MATERIAL PROVIDED
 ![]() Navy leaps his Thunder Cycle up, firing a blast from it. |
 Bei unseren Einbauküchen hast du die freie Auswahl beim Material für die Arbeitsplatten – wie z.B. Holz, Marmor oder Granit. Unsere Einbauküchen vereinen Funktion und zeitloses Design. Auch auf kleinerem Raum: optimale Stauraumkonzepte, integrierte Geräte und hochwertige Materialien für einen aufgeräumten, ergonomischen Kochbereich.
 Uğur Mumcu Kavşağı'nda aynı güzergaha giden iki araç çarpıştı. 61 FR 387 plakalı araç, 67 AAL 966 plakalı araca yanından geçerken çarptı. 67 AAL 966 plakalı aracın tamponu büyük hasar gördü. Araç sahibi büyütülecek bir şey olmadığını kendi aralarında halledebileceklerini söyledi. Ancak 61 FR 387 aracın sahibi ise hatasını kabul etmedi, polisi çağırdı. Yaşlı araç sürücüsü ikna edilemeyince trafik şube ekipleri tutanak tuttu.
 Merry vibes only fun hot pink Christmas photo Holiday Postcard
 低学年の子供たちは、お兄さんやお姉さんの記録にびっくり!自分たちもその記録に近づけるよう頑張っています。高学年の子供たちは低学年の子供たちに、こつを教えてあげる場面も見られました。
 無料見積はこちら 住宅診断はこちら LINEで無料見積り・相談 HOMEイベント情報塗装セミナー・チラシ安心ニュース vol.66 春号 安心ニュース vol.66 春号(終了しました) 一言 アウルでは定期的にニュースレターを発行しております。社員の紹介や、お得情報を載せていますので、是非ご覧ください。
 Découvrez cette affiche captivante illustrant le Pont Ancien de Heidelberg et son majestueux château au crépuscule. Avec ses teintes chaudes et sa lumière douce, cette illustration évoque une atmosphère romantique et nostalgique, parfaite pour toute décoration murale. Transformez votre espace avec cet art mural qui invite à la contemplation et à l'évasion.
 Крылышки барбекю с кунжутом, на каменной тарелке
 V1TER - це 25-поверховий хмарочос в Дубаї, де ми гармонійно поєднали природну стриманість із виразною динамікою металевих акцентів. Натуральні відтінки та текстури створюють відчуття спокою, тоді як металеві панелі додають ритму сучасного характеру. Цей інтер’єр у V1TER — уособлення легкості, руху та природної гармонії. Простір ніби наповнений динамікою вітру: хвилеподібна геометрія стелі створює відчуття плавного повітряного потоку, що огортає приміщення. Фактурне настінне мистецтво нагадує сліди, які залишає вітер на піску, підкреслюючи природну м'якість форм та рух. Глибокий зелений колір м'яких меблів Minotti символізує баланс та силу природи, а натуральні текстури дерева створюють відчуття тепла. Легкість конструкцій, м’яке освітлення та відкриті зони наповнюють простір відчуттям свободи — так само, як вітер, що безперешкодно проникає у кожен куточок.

EXERCISE
Repeat the entire listing above, keeping every line exactly the same.

SOLUTION FOR THIS TASK
 ![]() Navy leaps his Thunder Cycle up, firing a blast from it. |
 Bei unseren Einbauküchen hast du die freie Auswahl beim Material für die Arbeitsplatten – wie z.B. Holz, Marmor oder Granit. Unsere Einbauküchen vereinen Funktion und zeitloses Design. Auch auf kleinerem Raum: optimale Stauraumkonzepte, integrierte Geräte und hochwertige Materialien für einen aufgeräumten, ergonomischen Kochbereich.
 Uğur Mumcu Kavşağı'nda aynı güzergaha giden iki araç çarpıştı. 61 FR 387 plakalı araç, 67 AAL 966 plakalı araca yanından geçerken çarptı. 67 AAL 966 plakalı aracın tamponu büyük hasar gördü. Araç sahibi büyütülecek bir şey olmadığını kendi aralarında halledebileceklerini söyledi. Ancak 61 FR 387 aracın sahibi ise hatasını kabul etmedi, polisi çağırdı. Yaşlı araç sürücüsü ikna edilemeyince trafik şube ekipleri tutanak tuttu.
 Merry vibes only fun hot pink Christmas photo Holiday Postcard
 低学年の子供たちは、お兄さんやお姉さんの記録にびっくり!自分たちもその記録に近づけるよう頑張っています。高学年の子供たちは低学年の子供たちに、こつを教えてあげる場面も見られました。
 無料見積はこちら 住宅診断はこちら LINEで無料見積り・相談 HOMEイベント情報塗装セミナー・チラシ安心ニュース vol.66 春号 安心ニュース vol.66 春号(終了しました) 一言 アウルでは定期的にニュースレターを発行しております。社員の紹介や、お得情報を載せていますので、是非ご覧ください。
 Découvrez cette affiche captivante illustrant le Pont Ancien de Heidelberg et son majestueux château au crépuscule. Avec ses teintes chaudes et sa lumière douce, cette illustration évoque une atmosphère romantique et nostalgique, parfaite pour toute décoration murale. Transformez votre espace avec cet art mural qui invite à la contemplation et à l'évasion.
 Крылышки барбекю с кунжутом, на каменной тарелке
 V1TER - це 25-поверховий хмарочос в Дубаї, де ми гармонійно поєднали природну стриманість із виразною динамікою металевих акцентів. Натуральні відтінки та текстури створюють відчуття спокою, тоді як металеві панелі додають ритму сучасного характеру. Цей інтер’єр у V1TER — уособлення легкості, руху та природної гармонії. Простір ніби наповнений динамікою вітру: хвилеподібна геометрія стелі створює відчуття плавного повітряного потоку, що огортає приміщення. Фактурне настінне мистецтво нагадує сліди, які залишає вітер на піску, підкреслюючи природну м'якість форм та рух. Глибокий зелений колір м'яких меблів Minotti символізує баланс та силу природи, а натуральні текстури дерева створюють відчуття тепла. Легкість конструкцій, м’яке освітлення та відкриті зони наповнюють простір відчуттям свободи — так само, як вітер, що безперешкодно проникає у кожен куточок.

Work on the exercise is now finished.